L’Uruguay a l’habitude des entames de compétition poussives. Elle n’a pas failli à sa réputation. La Celeste a dû batailler ferme vendredi à Ekaterinbourg pour venir à bout de solides mais prévisibles égyptiens (1-0). Et comme d’habitude, Luis Suarez n’a pas marqué lors d’un premier match de Coupe du monde. En 2014, convalescent, il avait regardé du banc le naufrage des siens face au Costa Rica (3-1). En 2010, le tout jeune attaquant était resté muet face aux Bleus en ouverture (0-0).

Cet après-midi, dans la fraîcheur estivale de l’Oural, le pistolero a tiré encore à blanc. L’attaquant du Barça a laissé bien seul son comparse de l’attaque uruguayenne. Pendant qu’Edinson Cavani rayonnait, Luis Suarez balbutiait son football.

Aussi à l’aise avec les bons mots que dans les surfaces de réparation dans les années 1980-1990, l’ancien buteur anglais Gary Lineker, aujourd’hui consultant, a bien résumé sa performance d’une sentence tranchante, dont il a le secret : « Mo Salah a été meilleur que Luis Suarez sur ce match. » Humour britannique, puisque la star égyptienne, pas encore totalement remise d’une blessure à l’épaule, n’a pas quitté le banc de touche…

Lent, hésitant et maladroit, Suarez a difficilement promené sa silhouette étoffée sur la pelouse d’une Arena acquise aux couleurs rouge et noir des Pharaons et qui a longtemps cru à l’exploit égyptien. Par trois fois, il manquait la cible ou butait sur le gardien El Shenawy et renforçait ainsi les espoirs des septuples champions d’Afrique. En fin de match, alors que le plus dur était fait avec l’ouverture du score de son coéquipier Jose Gimenez, il frôlait le ridicule en marchant sur le ballon lors d’un dribble tenté à la vitesse d’un vétéran. Et l’atteignait avec une simulation dont il a le secret.

Suarez n’a pas l’habitude de passer inaperçu

Plus généralement, c’est l’animation offensive de la Celeste qui a paru sans imagination face à une équipe aussi bien regroupée devant sa défense. Bien que talentueux, Nahitan Nandez (22 ans), Rodrigo Bentancur (20 ans) et Giorgian De Arrascaeta (24 ans) ont paru encore un peu tendres au milieu de terrain. Armée d’une défense redoutable, l’Uruguay ne peut pas se reposer que sur le talent de ses deux attaquants. Et quand l’un passe à côté de son match, le constat est encore plus évident.
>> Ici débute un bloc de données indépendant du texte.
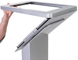 The pillar base Surface Pro floor stand enclosure is an ideal digital display kiosk for interacting with your guests at a retail establishment, trade show or expo. An aluminum build with two locks to secure your Microsoft tablet (not included) offers piece of mind that your device will not be tampered with.
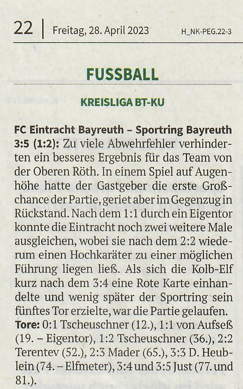 26.04.2023 FC Eintracht - Sportring Bayreuth 3 : 5 ( 1:2 )
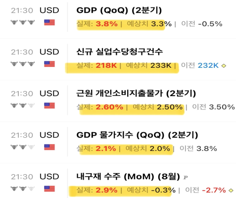 :미국 2 분기 GDP 가 전분기대비 3.8% 증가하며 예상치였던 3.3%를 상회

Souvent placés parmi les outsiders, les doubles champions du monde (en 1930 et 1950) auront besoin de leurs deux stars au meilleur de leur forme. Pas d’inquiétude a priori pour Cavani mais qu’en est-il de Suarez ? Auteur d’une belle saison de plus avec le Barça, 25 buts en Liga, le garçon est capable d’un réveil tonitruant. Sa relation avec la Coupe du monde est une histoire d’amour tourmentée mais qui ne laisse jamais indifférente. Le meilleur buteur de l’histoire de la Celeste (51 buts) n’est pas du genre à y passer inaperçu.
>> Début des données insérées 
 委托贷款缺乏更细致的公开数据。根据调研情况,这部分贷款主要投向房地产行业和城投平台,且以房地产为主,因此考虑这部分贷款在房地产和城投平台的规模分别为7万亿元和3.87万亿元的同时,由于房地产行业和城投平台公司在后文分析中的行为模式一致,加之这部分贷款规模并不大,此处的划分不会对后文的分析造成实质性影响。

A la 24e minute, Suarez a manqué le cadre à bout portant. / HECTOR RETAMAL / AFP

On se souvient de lui pour deux gestes, contraire à l’esprit du jeu mais tellement caractéristiques du personnage. Au Brésil en 2014, quelques jours après avoir réussi un doublé victorieux contre les Anglais, il s’illustrait sur une action devenue mythique : la morsure du défenseur italien Giorgio Chiellini. En 2010, son sauvetage sacrificiel de la main avait empêché les Ghanéens de devenir la première nation africaine à rejoindre le dernier carré, mais avait fait de lui un héros à Montevideo.

Auteur de cinq buts en huit matchs de Coupe du monde, Luis Suarez a encore l’occasion et le talent de laisser une empreinte, autre que celle de ses crocs, dans l’histoire du Mondial. Jeudi en conférence de presse, son sélectionneur Oscar Tabarez voulait, en tout cas, y croire : « Ce qu’il s’est passé au Brésil est une réalité, cela l’a aidé à grandir. Je vois que Luis s’est préparé comme un vrai professionnel pour ce Mondial, il est plus mature maintenant. » La maturité, une qualité justement essentielle à un footballeur qui veut rebondir après sa triste prestation d’Ekaterinbourg.